K Peter Turnquest, addressing a Bahamas Institute of Chartered Accountants (BICA) and Association of Certified Fraud Examiners (ACFE) seminar, stressed the need to strengthen this function.
He added that an effective internal audit programme, and commitment by the Government to follow through on its recommendations, could have prevented significant losses. Mr Turnquest, who is also minister of finance, also said the Auditor General's department needed strengthening from both a staffing and capacity standpoint.
"Our internal audit functions need strengthening. It has been overlooked," the Deputy Prime Minister. "That is something we are focusing on, and want to ensure that we have the right people and right number of people.
"If the Government had an effective internal audit programme, and the willingness and commitment to follow the recommendations made, we would have saved millions over the last couple of years."

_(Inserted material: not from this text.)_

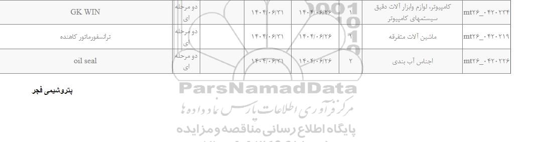 | mt26-0420213 | کامپیوتر لوازم و ابزار آلات دقیق سیستمهای کامپیوتر | 1 | 1404.6.31 | GK WIN |

Turning to the economy and fiscal measures, Mr Turnquest said the Bahamas' current rate of GDP growth "won't do". "The average over the last decade, when we take the peaks and valleys out, is 1 per cent. It won't do," he reaffirmed.
Mr Turnquest said the Government was also aiming to move the Bahamas from the bottom third and into the top half of the World Bank's 'ease of doing business' rankings. "I do not accept that we are any slower or less aggressive than anyone else in the region," said Mr Turnquest.
Underscoring the need for expenditure controls and 'fiscal rules', Mr Turnquest said all the revenue gained from Value-Added Tax's (VAT) introduction will evaporate due to an increase in government spending.
"Programmes were implemented that didn't have the necessary controls in place, nor did they have well-defined missions, resulting in runaway spending," said Mr Turnquest.
He added that the Minnis administration was committed to introducing legislation for 'fiscal rules' before the next Budget cycle. Mr Turnquest said the rules could include capping debt-to-GDP, targeting the level of concessions given to foreign direct investment (FDI), and also domestic investment, as a percentage of GDP.
"We want to look at wages as a percentage of GDP to ensure we put in some guidelines to help build-in the kind of discipline we need to arrest this debt slide we have, and bring it down eventually as the economy expands," said Mr Turnquest.